Made in the UK: Playwrights

From Shakespeare to Stoppard, writer Andrea Mullaney charts the influence of the playwrights who have lived, worked and written about the UK, and whose work is synonymous with UK theatre.

Made in the UK: Playwrights

‘Not of an age but for all time.’ That was fellow playwright Ben Jonson’s verdict on William Shakespeare’s work after his death – but Jonson could not have known just how accurate his prediction would prove to be. There were certainly playwrights before Shakespeare and, even in his day, he was just one of a number of competing voices. Yet he is the one who has lasted and whose fame has spread throughout the world.

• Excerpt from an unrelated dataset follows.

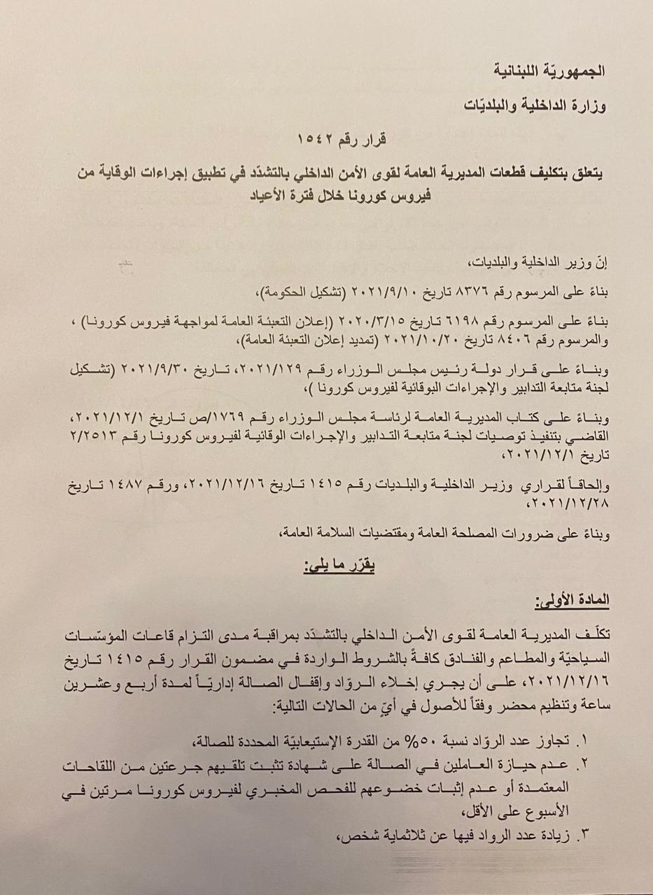 إليكم قرار وزير الداخلية والبلديات القاضي بسام مولوي الذي يقضي بتكليف قطعات المديرية العامة لقوى الأمن الداخلي بالتشدّد في تطبيق إجراءات الوقاية من فيروس كورونا خلال فترة الأعياد، وبإقفال المؤسسات المخالفة وإخلاء روادها.
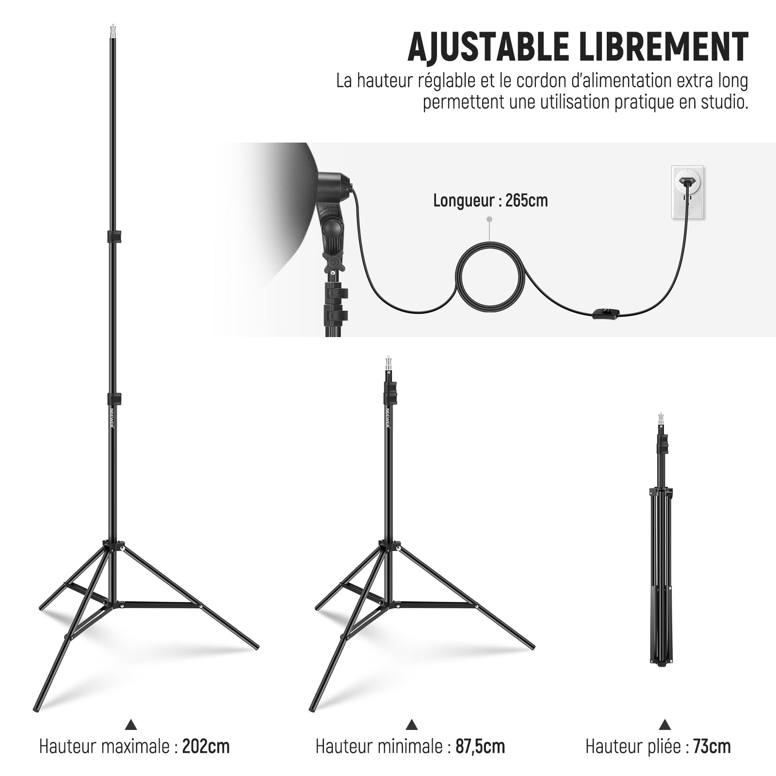 - Support d'éclairage 83"/210cm : Construit en alliage d'aluminium, ce qui lui confère une résistance exceptionnelle pour les travaux lourds. Grâce à des verrous rapides à simple action, le support permet un réglage rapide et précis de la hauteur. Comprend un sac de transport pour transporter et protéger facilement l'équipement

Today, nearly 400 years after his death, it’s impossible to speak about UK theatre without putting Shakespeare at its heart, and his 37 plays are still performed constantly both at home and abroad. The tales of Hamlet, Romeo and Juliet, Othello and Macbeth are familiar even to those who have never seen the plays performed in a theatre.

Inspiring playwrights

These are quintessentially British plays and, for many people, Shakespeare is at the heart of UK culture. Indeed, he was recently voted the fifth greatest Briton of all time. But the plays themselves are hardly insular examinations of any one country or people. Drawing on stories from many lands and often set in exotic locations, they have a universal quality that has kept them alive. And where Shakespeare triumphs over his contemporaries is in the fact that his work can be interpreted in an almost unlimited number of ways, allowing them to be reinvented for each new generation.